As the OP mentions at one point, you might choose to use complex numbers to label a two-dimensional screen, and in that case you'll be able to use a so-called normal operator to represent the 2-dimensional observable. (Contrary to what Dirac thought, nothing whatsoever goes wrong here.)

It should not be too hard then to accept my next claim: You can use whatever measurement scale you want to measure a quantum observable! You can label pointer positions with items of fruit if you want to, and you can still build a perfectly legitimate observable.

There is no question that the reals and complexes have enormous advantages over other more arbitrary measurement scales (due to their rich internal structure which we capitalize on in the functional analysis), but the idea that real numbers are somehow endowed with a prestigious metaphysical status is baloney.

How to define an observable with any measurement scale you want to

Step 1. Set up a bunch of particle detectors

Step 2. Attach a label to each detector

The set of labels we'll denote by $\Omega$. Examples include: $$\Omega = \{0,1\},\mathbb{R},\mathbb{C},\{\heartsuit,\clubsuit,\diamondsuit,\spadesuit\}$$

Step 3. Write out the list of all possible events

By event, I mean a subset $\Delta$ of $\Omega$ that represents a possible question like "Did a detector in $\Delta$ fire?". We'll label the event structure $\Sigma$, e.g. $$\Sigma = \{\emptyset,\heartsuit,\clubsuit,\diamondsuit,\spadesuit,\heartsuit\clubsuit,\heartsuit\diamondsuit, \cdots,\heartsuit\clubsuit\diamondsuit\spadesuit\}$$

Step 4. Associate each event in $\Sigma$ with a projection operator

This is the hard bit, and there's no recipe for it. But you have to make sure that the family of projectors forms a Boolean algebra that perfectly mirrors the natural algebra of $\Sigma$.

We'll call the association $\sigma$, so that $\sigma:\Sigma\to\mathscr{P}(\mathscr{H})$.

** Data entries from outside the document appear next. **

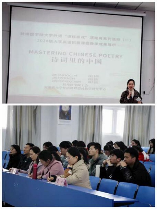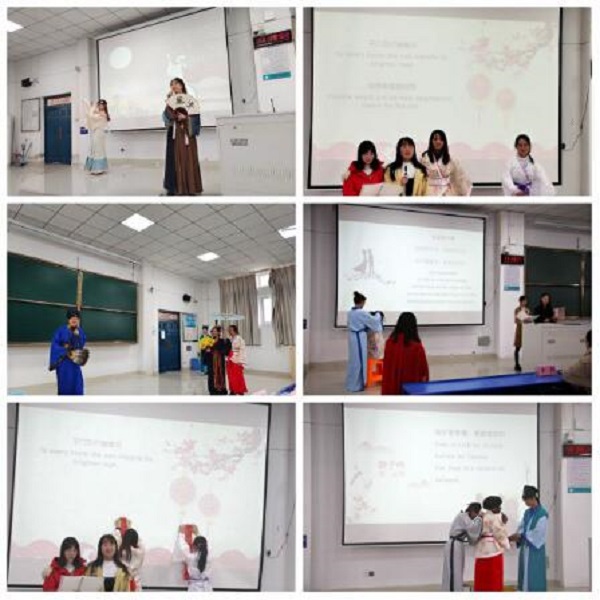 12月10日,2020级大学外语拓展课程 --- 英语演讲与口语班的同学们在G3教室举办了“诗词里的中国”中英双语诵读和英文主题演讲课程思政成果汇报活动,校工会何文副主席和外文教研室的老师担任了此次汇报活动的评委。
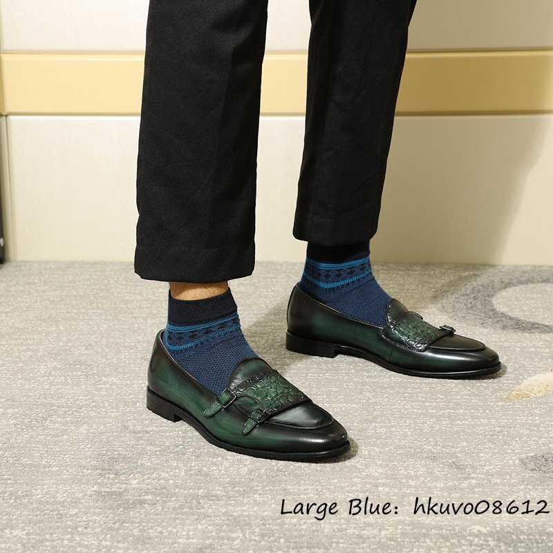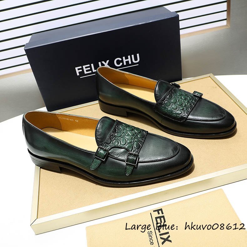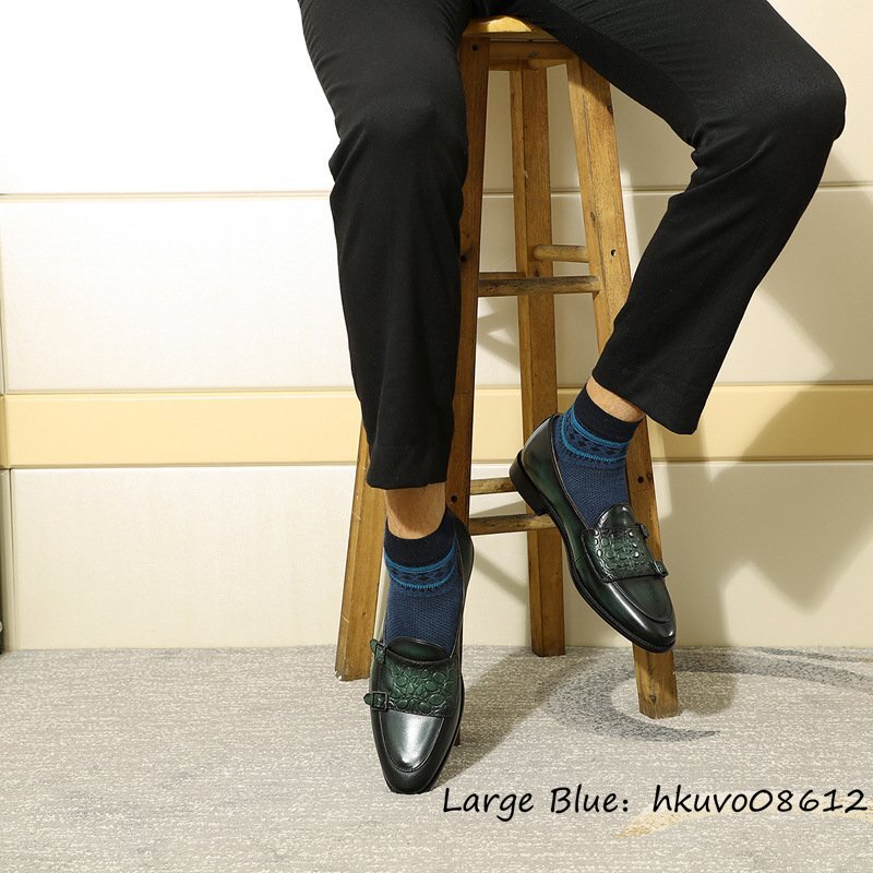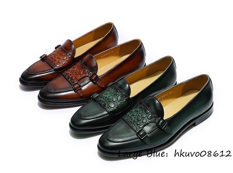 定価9万■ダブルモンクストラップ 鰐柄 革靴 ビジネスシューズ 本革 職人手塗り上げ レザーシューズ ドレスシューズ 牛革 グリーン 24.5cm
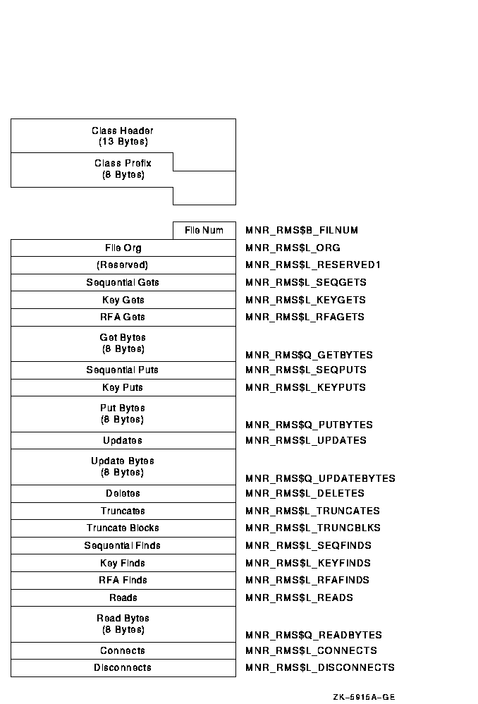 | Record Lock DEQs | MNR_RMS$L_RLCKDEQS | Count of record lock DEQs to the file (longword,C) |
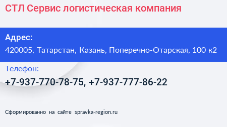 СТЛ-Сервис, логистическая компания по адресу 420005, Татарстан, Казань, Поперечно-Отарская, 100 к2 в дальнейшем Организация, размещена в следующих категориях:
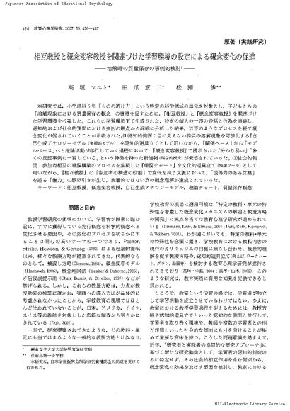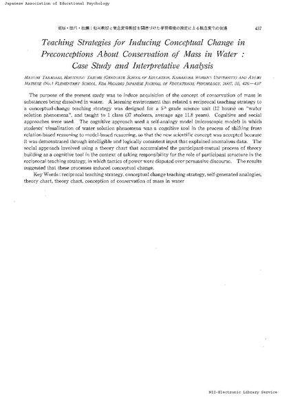 相互教授と概念変容教授を関連づけた学習環境の設定による概念変化の促進 溶解時の質量保存の事例的検討
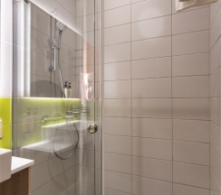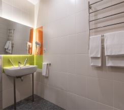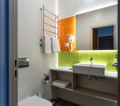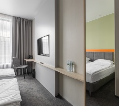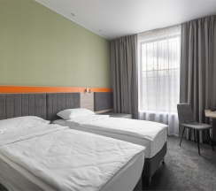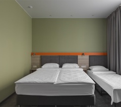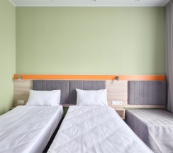Номер площадью 18 м2 с 2 односпальными кроватями с анатомическим матрасом рассчитан на 2 взрослых и 1 ребенка.
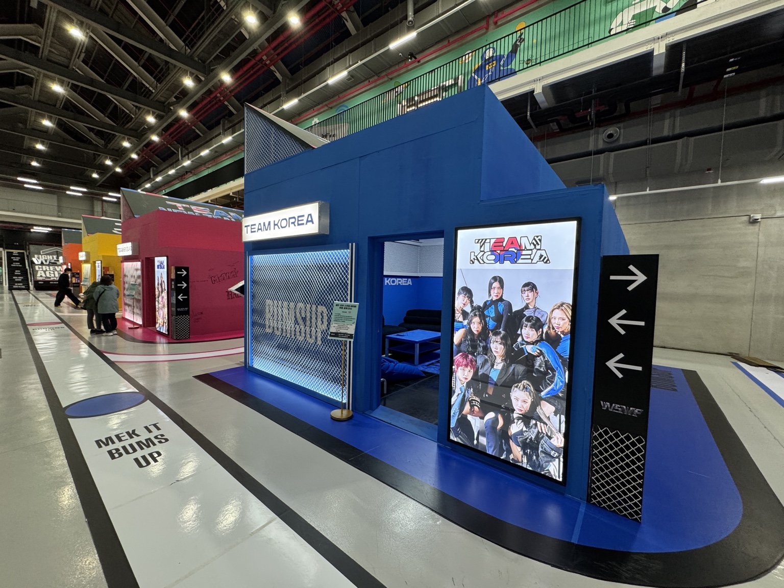댄스 크루 팀 이름으로 꾸며진 전시 부스들이
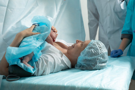 Baby on mothers chest immediately after birth in a hospital. The mother and newborn share a tender moment, emphasizing the bond and emotional connection. The medical staff ensures a safe and caring environment
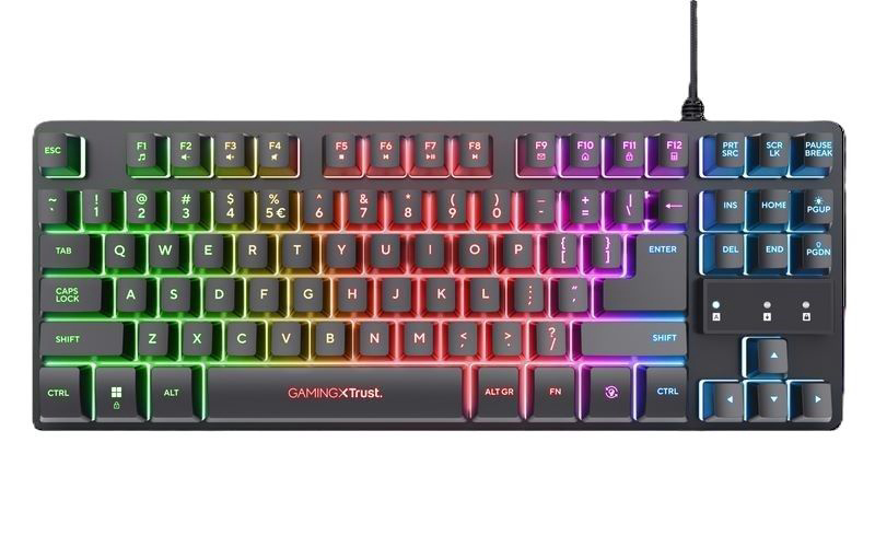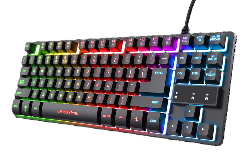 Tipkovnica TRUST GXT 833 Thado Gaming US layout nema numeričku tipkovnicu, što ju čini kompaktnijom i lakšom za ponijeti sa sobom, te zauzima 80% manje prostora od tipkovnica pune veličine. Dizajnirana je za odlično gaming iskustvo, s mogućnosti da pritisnete do 10 tipki odjednom. Gaming mode onemogućiti će Windows tipku, a noge napravljene od gume spriječiti će proklizavanje tipkovnice. Višebojno LED osvjetljenje podići će Vaše gaming iskustvo na iduću razinu.

And that's basically it! The object $\sigma$ (technically, a Projection Valued Measure on $\langle\Omega,\Sigma\rangle$) is a quantum observable. It contains all the probabilistic information you need to calculate the probability measure on your chosen measurement scale for any quantum state.

For example, suppose the state of the system is $\rho$ and you want the probability that a detector $\Delta\in\Sigma$ fires. The desired probability is just $p=tr[\rho\sigma(\Delta)]$.

What the heck does this have to do with Self-Adjoint operators?

Are you ready for the climax? Here it is...

IF you choose to use the measurement scale $\langle\mathbb{R},\mathscr{B}(\mathbb{R})\rangle$, THEN you will be able to build a self-adjoint operator which is precisely equivalent (in terms of the information it stores) to the PVM you constructed.

IF you choose a detection screen calibrated by $\langle\mathbb{C},\mathscr{B}(\mathbb{C})\rangle$, THEN repeat the above sentence replacing 'self-adjoint' with 'normal'.

(Neither of the above statements is obvious, by the way. They are famous results in Functional Analysis known as the Spectral Theorems.)

IF you choose to be a Fancy Nancy and use $\{\heartsuit,\clubsuit,\diamondsuit,\spadesuit\}$ for a measurement scale (with its power set for the event structure) THEN the fruits of your labors are more modest. In particular, you still get the answers to any questions you care to ask, but you don't get any neat operator to give you computational shortcuts. Instead you will forever be doing calculations like $p=tr[\rho\sigma(\heartsuit\clubsuit)]$.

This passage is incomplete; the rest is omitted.